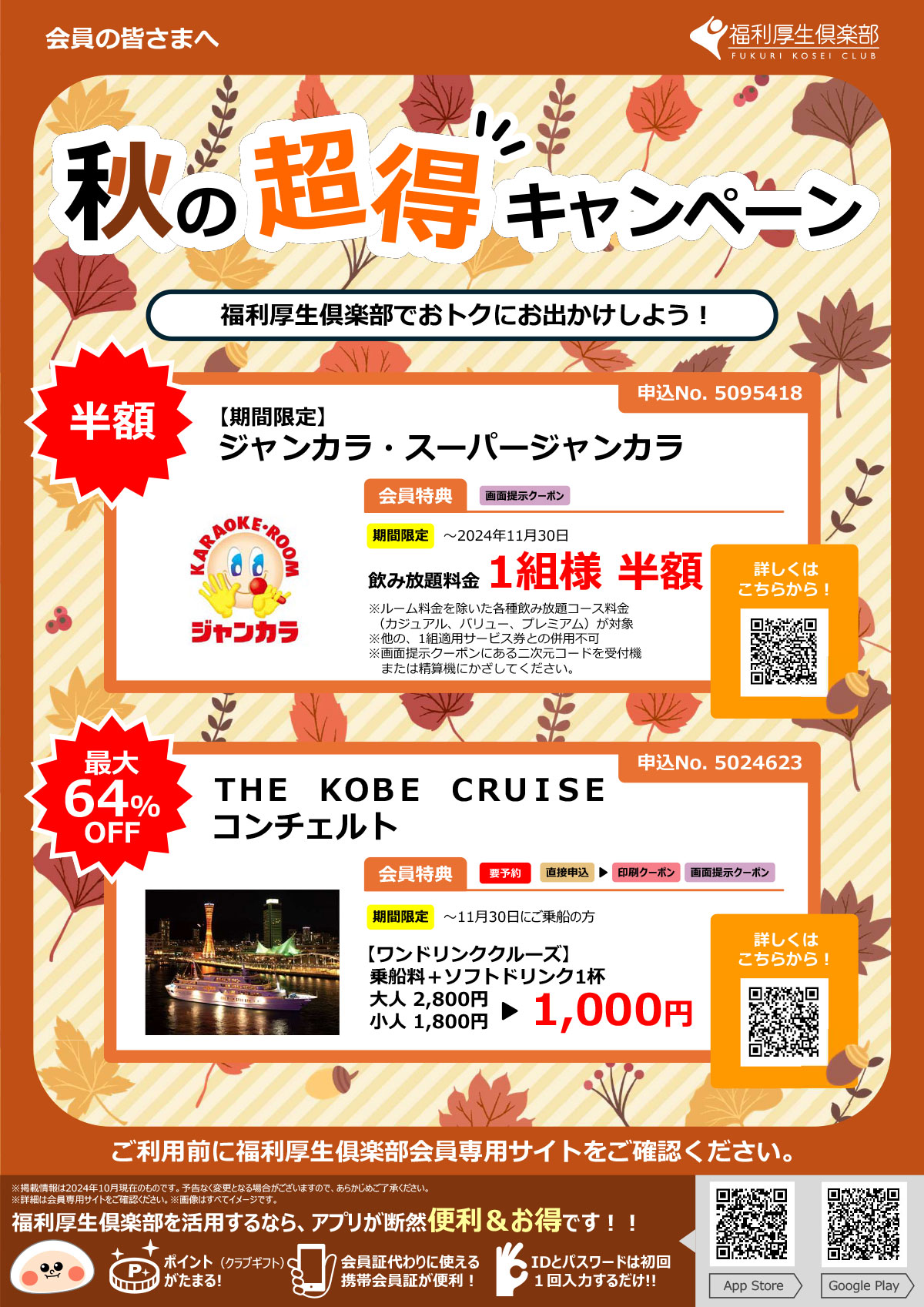 リロクラブ会員限定のイベント情報をご案内します。 PDFのQRコードをよみこみ、会員専用サイトで申込方法・利用方法・特典内容をご確認のうえ、お申し込みください。 ① 秋の超得キャンペーン ・ジャンカラ・スーパージャンカラ […]
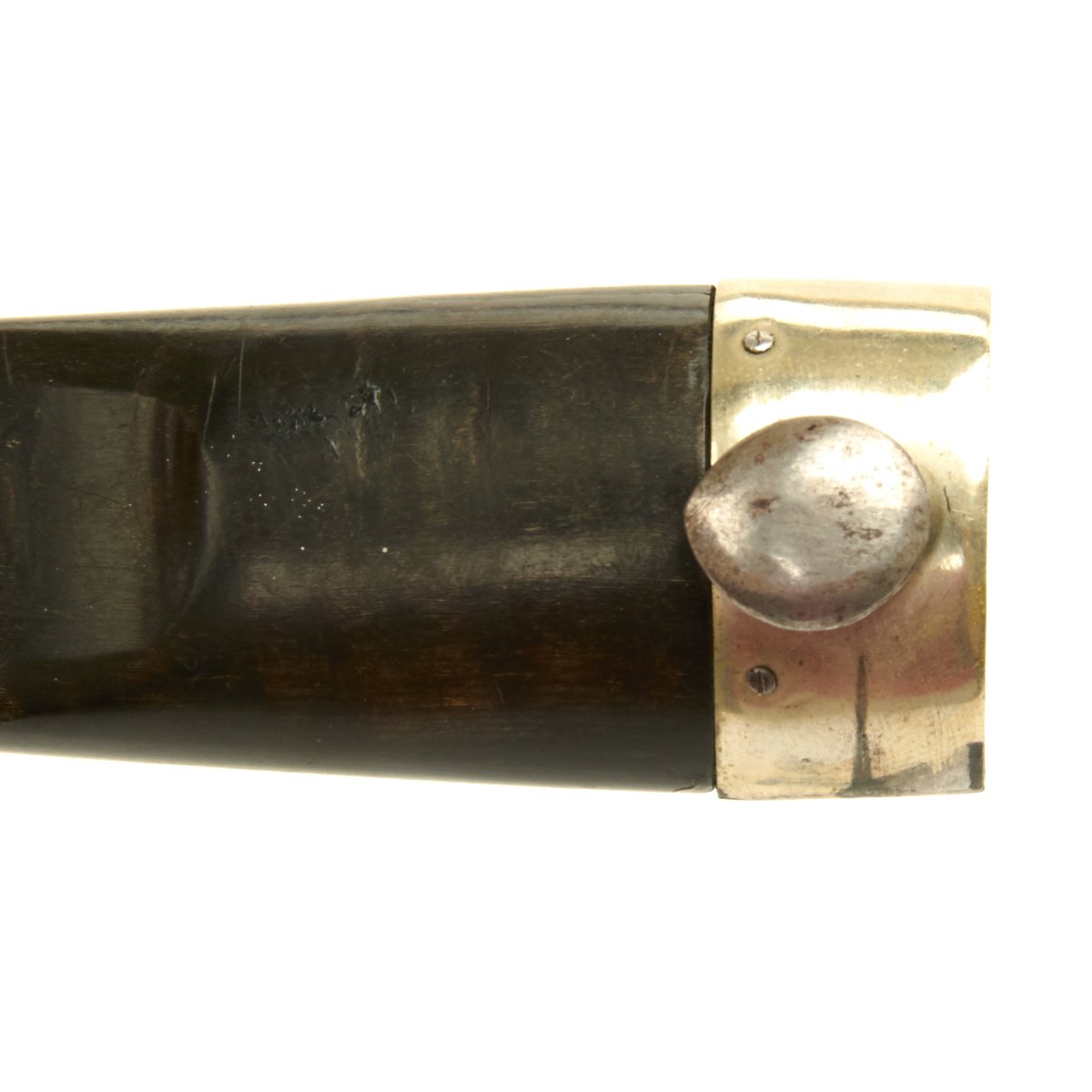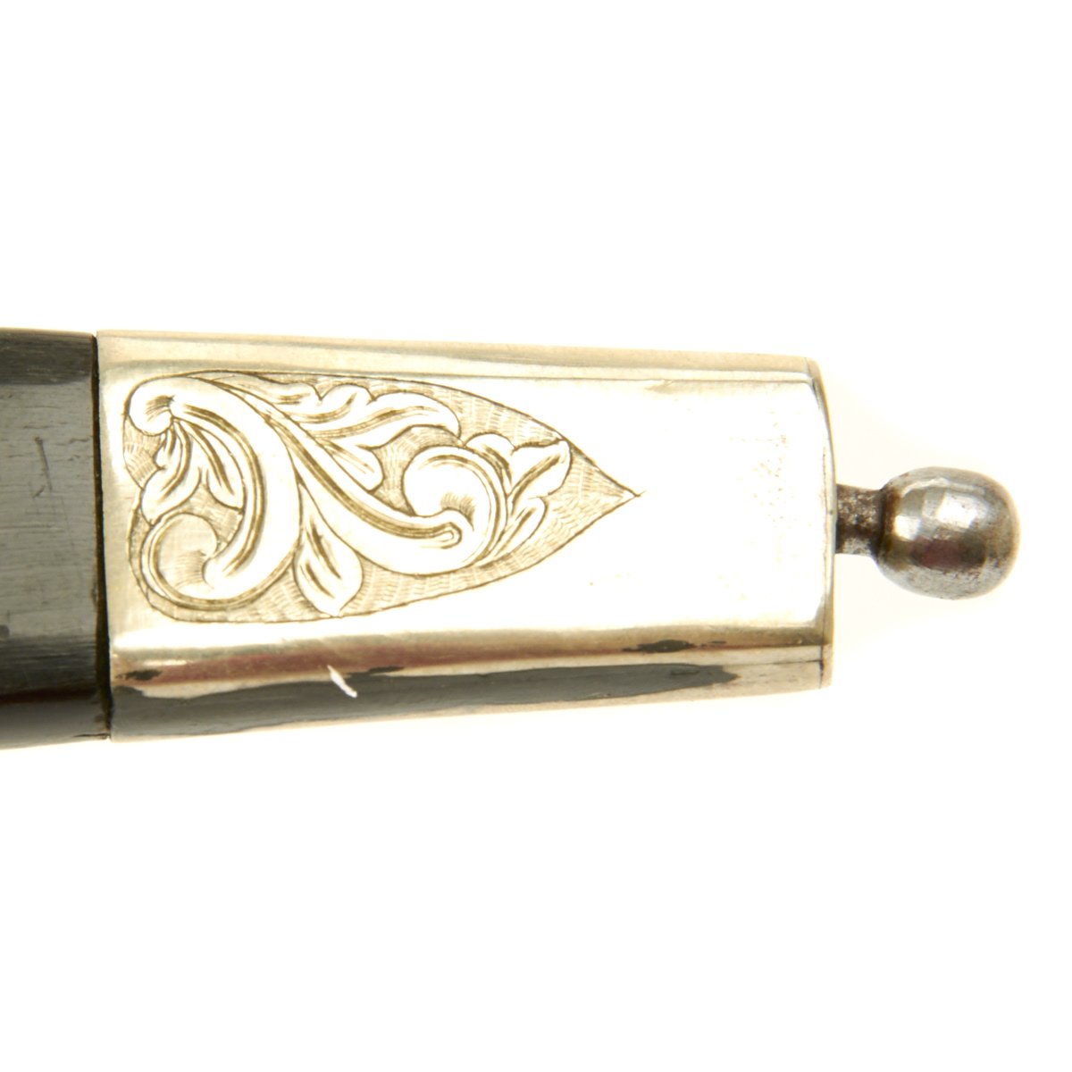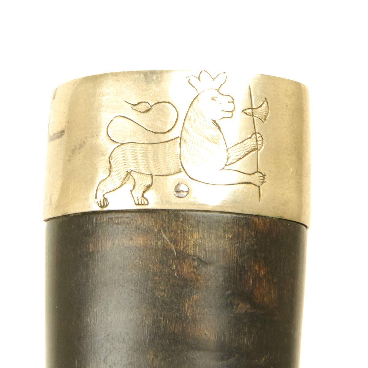 The blade is enclosed in a carved birchwood scabbard cut so very thin that it seems almost impossible to achieve by hand. The scabbard is also mounted in silver with engravings. The bottom with a floral motif and the top with Crowned Royal Norwegian Lion holding a war axe in both front paws.
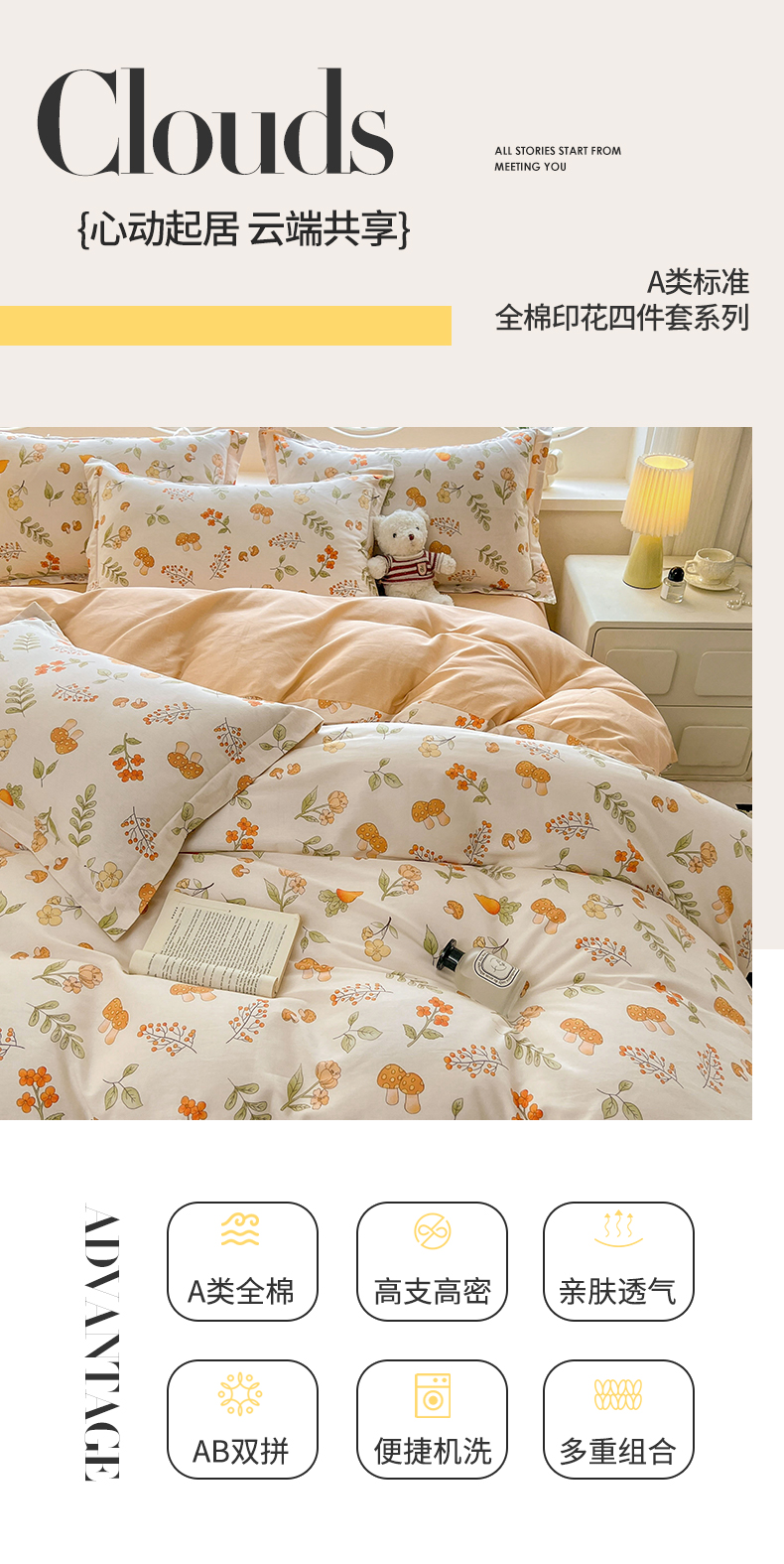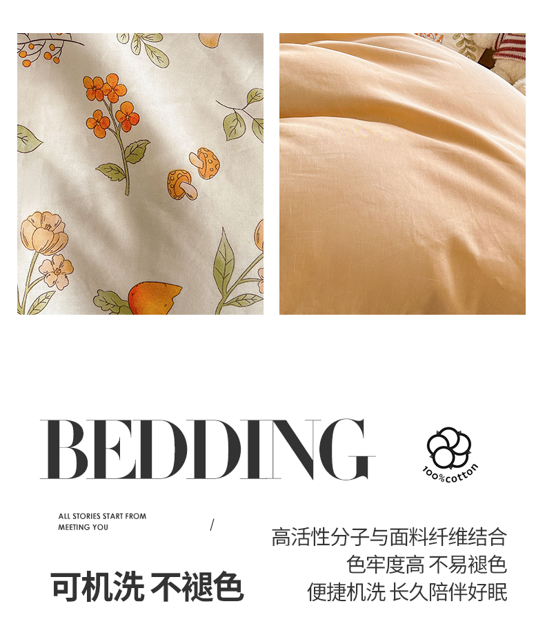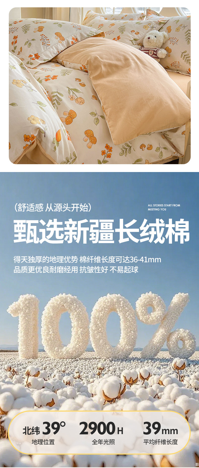 商品名称:西域种棉人·千百笠 2025新款全棉纯棉大学生宿舍100%新疆棉花被子被褥一整套枕头床垫三件套六件套 蘑菇花园
* * *
— ABOUT THIS TASK —
Drop the pictures and reproduce the rest of the data above exactly.

— SOLUTION —
 リロクラブ会員限定のイベント情報をご案内します。 PDFのQRコードをよみこみ、会員専用サイトで申込方法・利用方法・特典内容をご確認のうえ、お申し込みください。 ① 秋の超得キャンペーン ・ジャンカラ・スーパージャンカラ […]
 The blade is enclosed in a carved birchwood scabbard cut so very thin that it seems almost impossible to achieve by hand. The scabbard is also mounted in silver with engravings. The bottom with a floral motif and the top with Crowned Royal Norwegian Lion holding a war axe in both front paws.
 商品名称:西域种棉人·千百笠 2025新款全棉纯棉大学生宿舍100%新疆棉花被子被褥一整套枕头床垫三件套六件套 蘑菇花园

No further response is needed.